Controlling Tool Behavior

Python
tool_choice={"type": "auto"} # Claude decides (default) tool_choice={"type": "any"} # force at least one tool call tool_choice={"type": "tool", "name": "extract_info"} # force a specific tool tool_choice={"type": "none"} # plain text only, ignore tools

Be careful with "any" — forcing tool use when Claude doesn't need it produces degraded output. Use it only when a tool call is always appropriate for the task.


When Tools Fail

Return errors as tool results — don't raise exceptions. Claude adapts gracefully to a returned error; an exception crashes the agent and loses the conversation.

Python
try: result_content = call_weather_api(location) is_error = False except ConnectionError as e: result_content = f"Weather API unavailable: {str(e)}" is_error = True {"type": "tool_result", "tool_use_id": tool_use_id, "content": result_content, "is_error": is_error}

The Tool Runner (Skip the Loop)

The SDK's beta Tool Runner handles the loop automatically. Pass a Python function directly — it reads your docstring and type hints to generate the tool definition:

Python
def get_weather(location: str, unit: str = "celsius") -> str: """Get current weather for a given location. Args: location: City and country, e.g. 'Tokyo, Japan' unit: Temperature unit — 'celsius' or 'fahrenheit' """ return "14°C, overcast" runner = client.beta.messages.tool_runner( model="claude-opus-4-6", max_tokens=1024, tools=[get_weather], messages=[{"role": "user", "content": "Compare weather in Tokyo and London"}] ) final = runner.until_done() print(final.content[0].text)

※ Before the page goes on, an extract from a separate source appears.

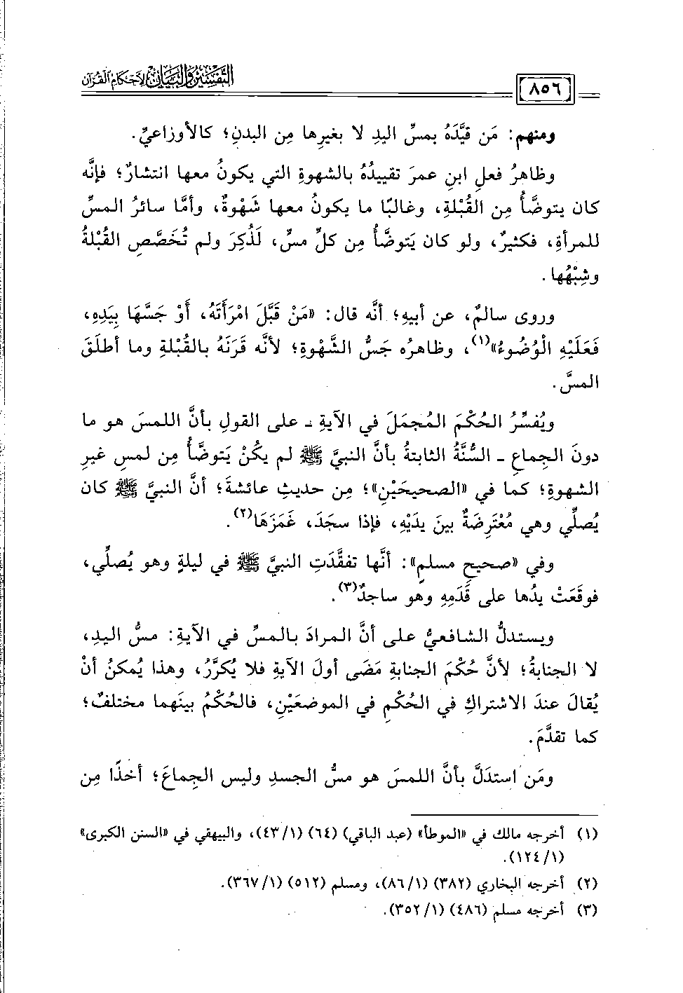 ويُفسِّرُ الحُكْمَ المُجمَلَ في الآيةِ - على القولِ بأنَّ اللمسَ هو ما دونَ الجِماعِ - السُّنَّةُ الثابتةُ بأنَّ النبيَّ - صلى الله عليه وسلم - لم يكُنْ يتوضَّأ مِن لمسِ غيرِ الشهوةِ؛ كما في "الصحيحَيْنِ"؛ من حديث عائشةَ؛ أنَّ النبيَّ - صلى الله عليه وسلم - كان يُصلِّي وهي مُعْتَرِضَةٌ بينَ يدَيْه، فإذا سجَدَ، غَمَزَهَا (٢).

Your code documentation is your tool documentation. No duplication needed.


Writing Tool Descriptions That Actually Work

The description must answer four questions: what does this tool do, what do the inputs mean, when should Claude call it, and what does it return.

Python
# ❌ Fails in subtle ways {"name": "search", "description": "Search for information."} # ✅ Works reliably { "name": "search_web", "description": ( "Search the web for current information using a search engine. " "Returns the top 5 results with titles, URLs, and short summaries. " "Use when the user asks about recent events, current prices, live data, " "or anything that may have changed since the model's training cutoff. " "Do NOT use for questions answerable from general knowledge alone." ), ... }

The last sentence — telling Claude when not to use the tool — is as important as telling it when to use it.


Where Things Go Wrong

Tool results before text. tool_result blocks must come first in a user message — any text goes after. Putting text first causes a 400 error.

pause_turn stop reason. Server-side tools have a 10-iteration limit. When hit, re-send the response as a new call — Claude isn't finished, it just hit an internal ceiling.

tool_choice: "any" with extended thinking. Incompatible. Use "auto" when you need both.